§ Problem details
Could you restate, exactly and with nothing added, the lines from the start of the data through the line that holds "Буква x в с", leaving the pictures out?

[Saved entries]
-- Opening Marker --

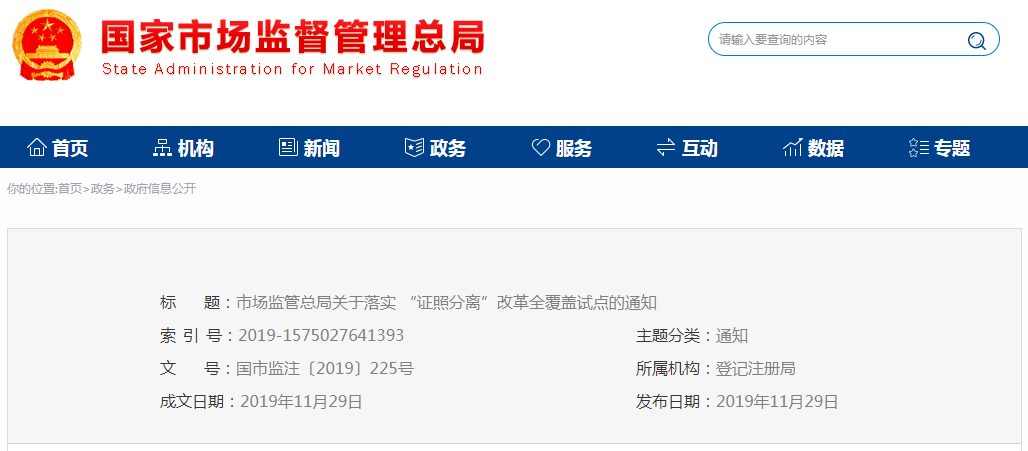 市場監(jiān)管總局關(guān)于落實“證照分離”改革全覆蓋試點的通知
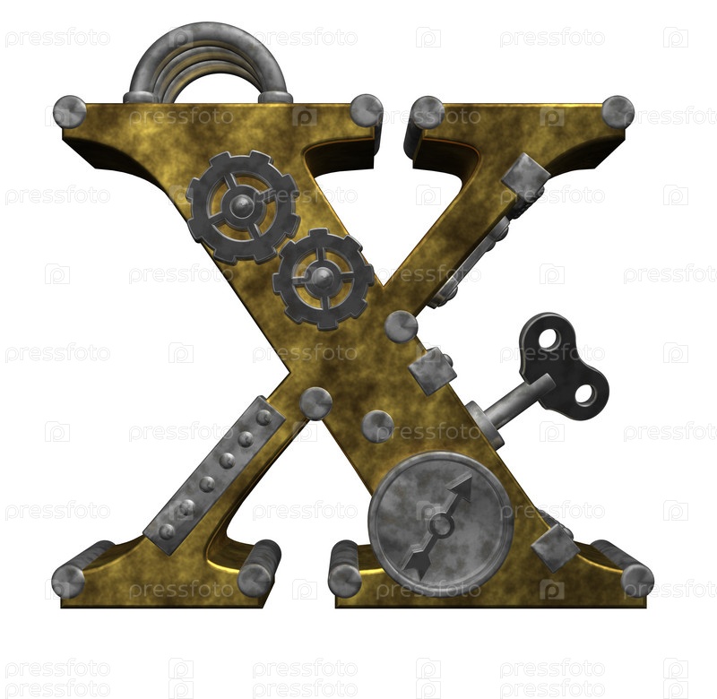 Буква x в с задней части стимпанк на белом фоне - 3d иллюстрация
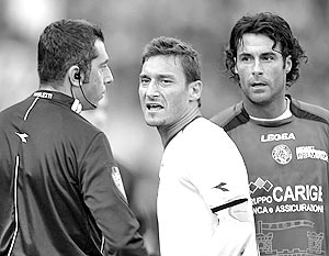 Свою огромную по размеру «Илиаду» Гомер посвятил всего лишь одному событию – гневу Ахиллеса. Про гнев Тотти написать можно было бы не меньше. Капитан «Ромы» просто рассвирепел в компенсированное время к матчу «Ливорно» – «Рома» (1:1), в котором он четвертью часа ранее забил гол. После единоборства с защитником «Ливорно» Галанте Тотти принялся выяснять отношения с оппонентом на повышенных тонах. Беседа продолжилась обоюдными толчками и даже ударами. Судья намеревался остудить пыл футболистов желтыми карточками, однако Тотти отказался подходить к судье для демонстрации ему желтой карточки. В результате желтая карточка покраснела – арбитр попросил римского идола покинуть поле.
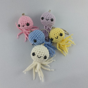 Ręcznie robiony szydełkowy brelok meduza. Znajdziesz go również w innych kolorach w pozostałych ofertach w naszym sklepie. Piękna ozdoba do kluczy, torebki czy plecaka. Posiada wypełnienie antyalergiczne.
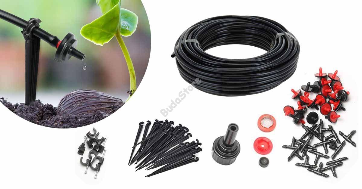 Alakíts ki saját csepegtető rendszert a konyhakertbe vagy a virágágyásba! A készlet tartalmaz egy 23 méter hosszú, vékony tömlőt, melyet annyi darabra és olyan méretre vághatsz, hogy a növényeid számára ideális öntözőhálózatot hozhass létre. A különböző alakú csatlakozókkal, rögzítőkkel és bilincsekkel könnyedén testre szabhatod a csepegtető rendszert.
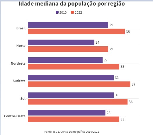 O aumento da idade mediana ocorreu em todas as regiões do país. A região de maior idade mediana em 2022 é o Sudeste, com 37 anos, e a menor a Norte, com 29.
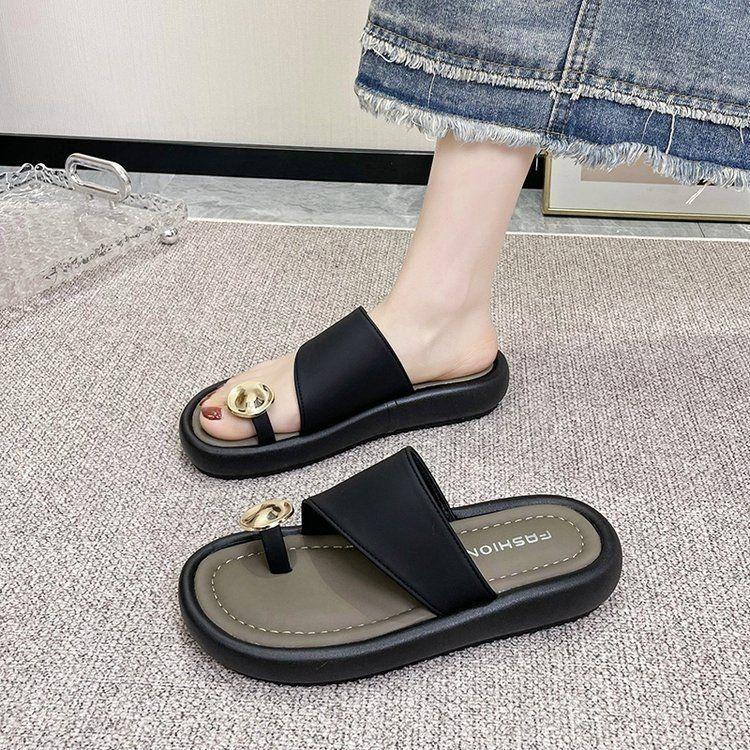 2024 primavera y verano nuevo fondo grueso punta poco profunda moda combinable antideslizante playa casual chanclas para mujer
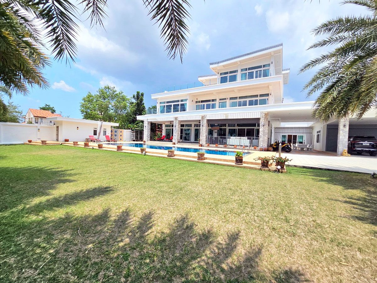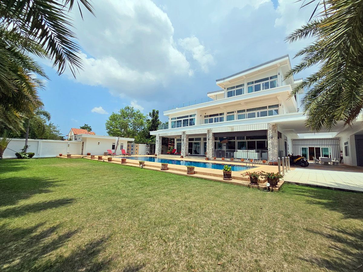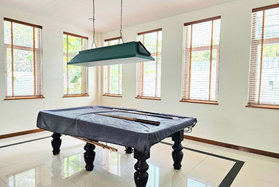 This Pattaya Pool Villa for sale is located in Mabprachan Lake Thailand and has a Private Pool . The property is situated on 1596 sq/m of land and has a living area of 750 sq/m including 4 Bedrooms and 6 Bathrooms. The property boasts large living areas, large garden, an office, Snooker room, private gymnasium area and a maids quarters. This house is currently available on the market for sale at ฿ 32,000,000 which equates to ฿ 42,667 per sqm. This house is being advertised Fully Furnished is in Company ownership . Please contact a member of Best Pattaya Property’s helpful team to learn more about this excellent Thailand Property for sale and the surrounding area.
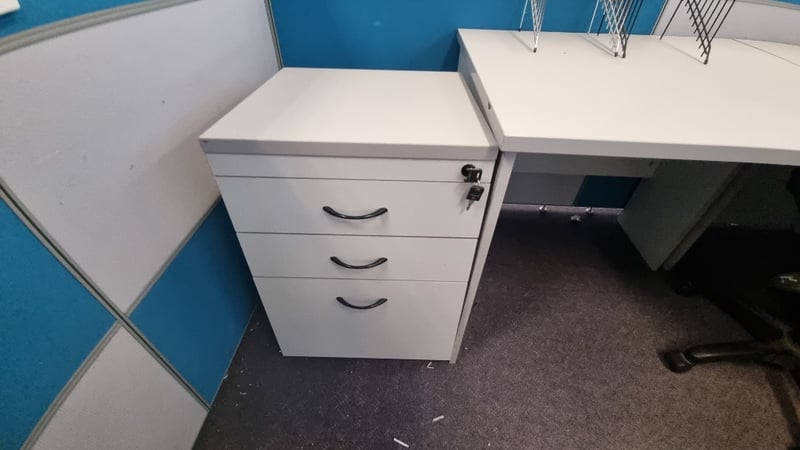 Corner Shaped 3 Piece Office Desk Includes, underdesk Drawers,and 2 Office Chairs
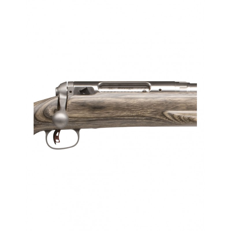 El cañón de este modelo es de contorno pesado de 29” (737 mm.) fabricado en acero inoxidable. Un cañón largo es un requisito obligado para aprovechar al máximo los gases producidos por el cartucho y alcanzar la máxima distancia de abate. Una característica de los cañones SAVAGE es la constancia en la precisión, fruto según este fabricante a su experimentado estriado de los cañones mediante la técnica de “button-rifled”, de la que es un reconocido experto.
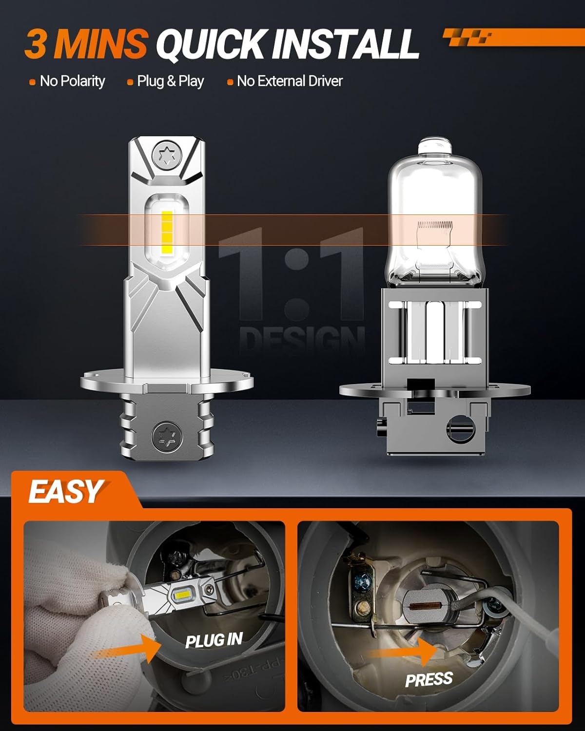 1:1 Size, Perfect Fit for H3 Housing: Compact & No Modifications Needed. Made specifically for H3 led fog lights housings, the ultra-compact led body ensures a seamless fit with zero modifications required. Just a secure, stable installation in minutes
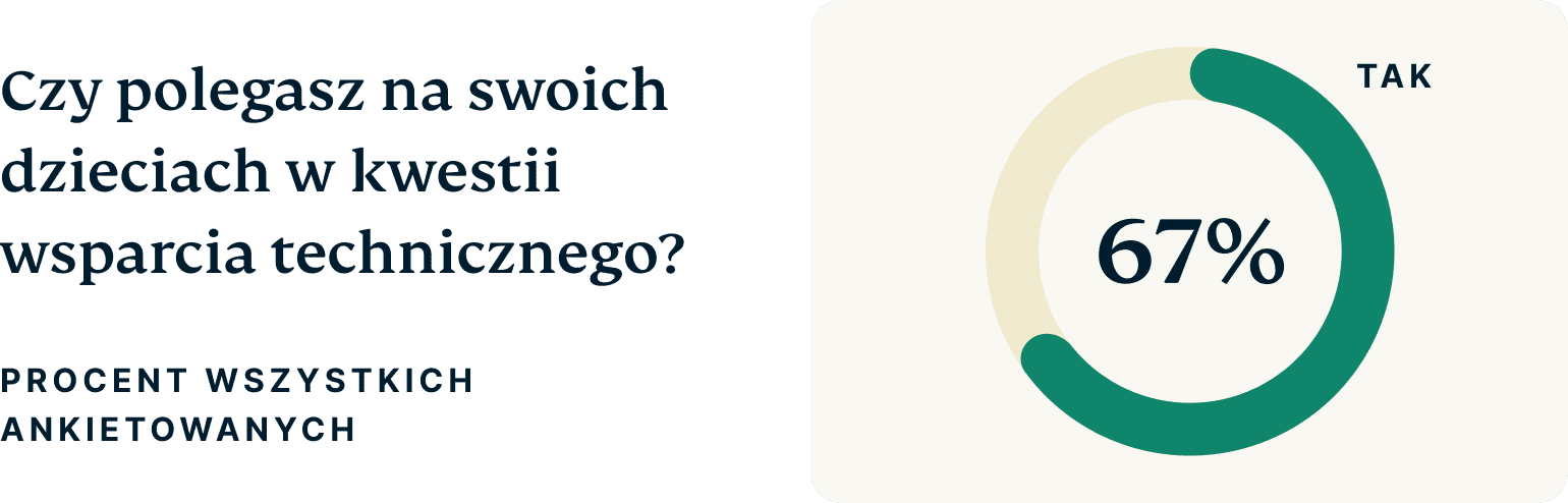 Czy korzystasz z pomocy technicznej swoich dzieci? (% ankietowanych, którzy odpowiedzieli „tak”).

-- Closing Marker --

§ Reply to the task
 市場監(jiān)管總局關(guān)于落實“證照分離”改革全覆蓋試點的通知
 Буква x в с задней части стимпанк на белом фоне - 3d иллюстрация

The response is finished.